Depuis la mise en accusation, pour malversations financières, de l’ancien patron de l’Alliance, Carlos Ghosn, le 19 novembre 2018, les deux alliés sont à couteaux tirés

« Pour les hauts dirigeants de Nissan, c’est une trahison, observe un bon connaisseur de l’entreprise nippone. Cette refondation est le résultat d’un long travail du comité spécial pour l’amélioration de la gouvernance, mis en place après l’affaire Ghosn et approuvé par les représentants de Renault. Deux objectifs fondamentaux ont été définis pour tâcher de ne pas renouveler les erreurs qui ont conduit à la crise actuelle : éviter la concentration des pouvoirs et prévenir les conflits d’intérêts. Dans cette logique, les dirigeants opérationnels de Renault et de Nissan ne peuvent donc être membres d’aucun des trois comités, pas plus Thierry Bolloré qu’Hiroto Saikawa. »

Cet épisode envenime une situation déjà dégradée. Depuis la mise en accusation, pour malversations financières, de l’ancien patron de l’Alliance, Carlos Ghosn, le 19 novembre 2018, les deux alliés sont à couteaux tirés. La nomination de Jean-Dominique Senard comme président de Renault en janvier avait fait retomber la pression, mais une première tentative de Renault, en avril, d’accélérer un rapprochement entre le groupe au losange et son alter ego japonais avait crispé Yokohama.

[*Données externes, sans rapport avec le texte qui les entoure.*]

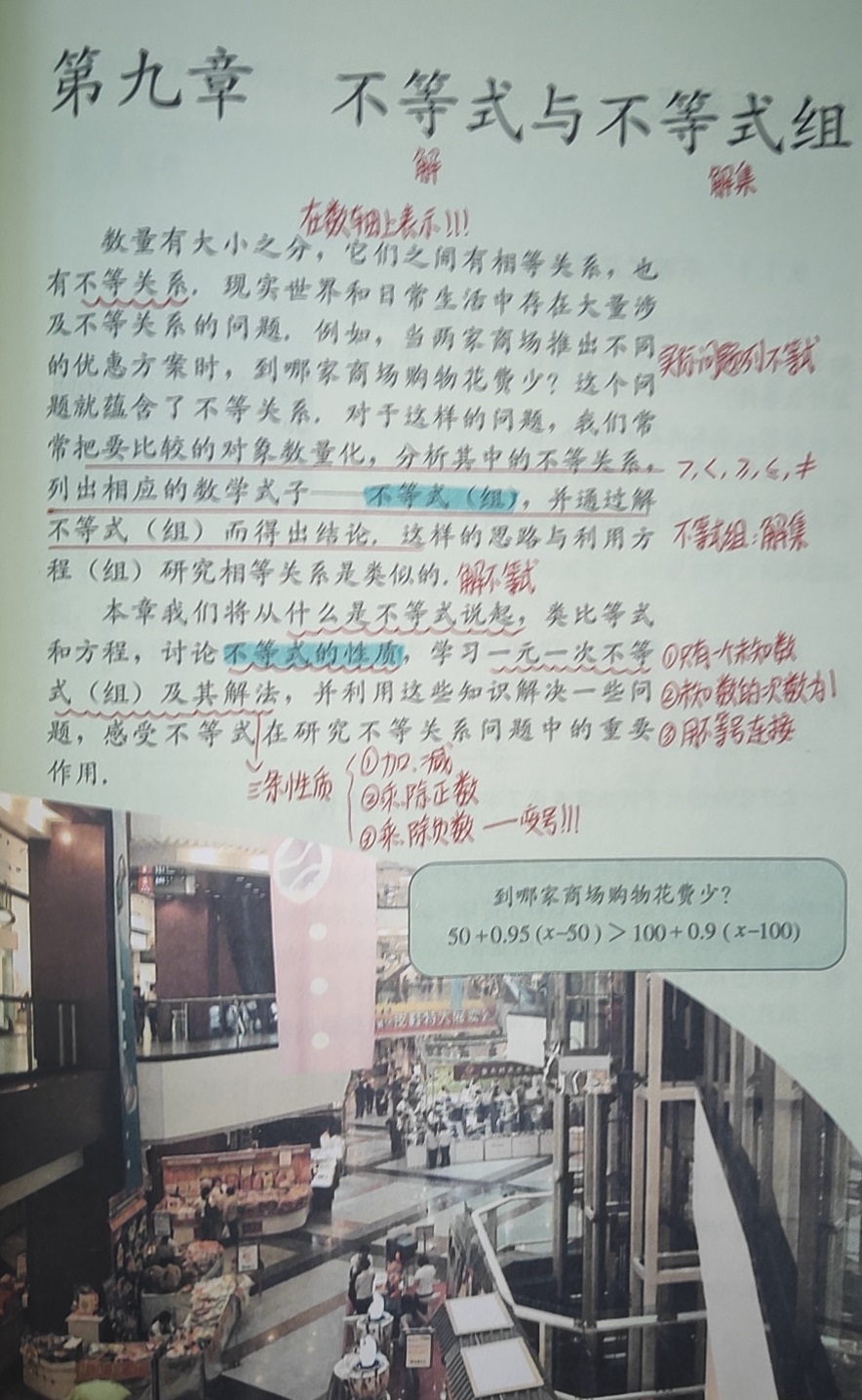 对于数学概念、数学定理、例题书写过程,教师会让学生一字不漏的先阅读教材,再归纳,在理解的基础上记住知识要点。例如:一元一次不等式的解法,书上例题过程很详细,教师会要求学生在书上注明步骤依据,知其然并知其所以然。再如:在学习统计这一章时,要求学生在教材上画出重要统计术语,重点看书上的规范图表,通过阅读课本上的书写、画图的规范过程加深理解。

La fusion, sujet de friction

Il y a eu ensuite la tentative de fusion entre le constructeur français et FCA. Les dirigeants nippons, qui avaient été mis à l’écart des négociations entre Français et Italiens avaient, en refusant de voter pour le « deal », provoqué le retrait abrupt de l’offre de FCA, jeudi 6 juin.

Au G20 finances, le ministre de l’économie, Bruno Le Maire, se serait bien passé de ce nouvel accrochage. Tout au long du week-end, il a insisté sur l’importance de « renforcer » l’Alliance et laissé entendre que la fusion, sujet de friction entre Renault et Nissan, qui ne veut pas en entendre parler, n’était pas l’unique solution. « Si la fusion ne paraît pas une bonne option, alors trouvons-en une autre », a-t-il lancé.

Le locataire de Bercy a même a déclaré au Figaro que l’Etat français pourrait réduire sa participation dans Renault – qui s’élève à 15 % – pour consolider l’alliance avec Nissan. Ce geste envers la partie nippone, toujours hostile à la présence de l’Etat français au capital de Renault, pourrait inciter Nissan à revoir sa position sur un rapprochement Renault-FCA.

Cette perspective n’a pas complètement disparu du paysage, les rumeurs ayant été ravivées par la présence au siège de Nissan, lundi 10 juin, de Toby Myerson, l’un des principaux négociateurs de FCA pour le projet avec Renault.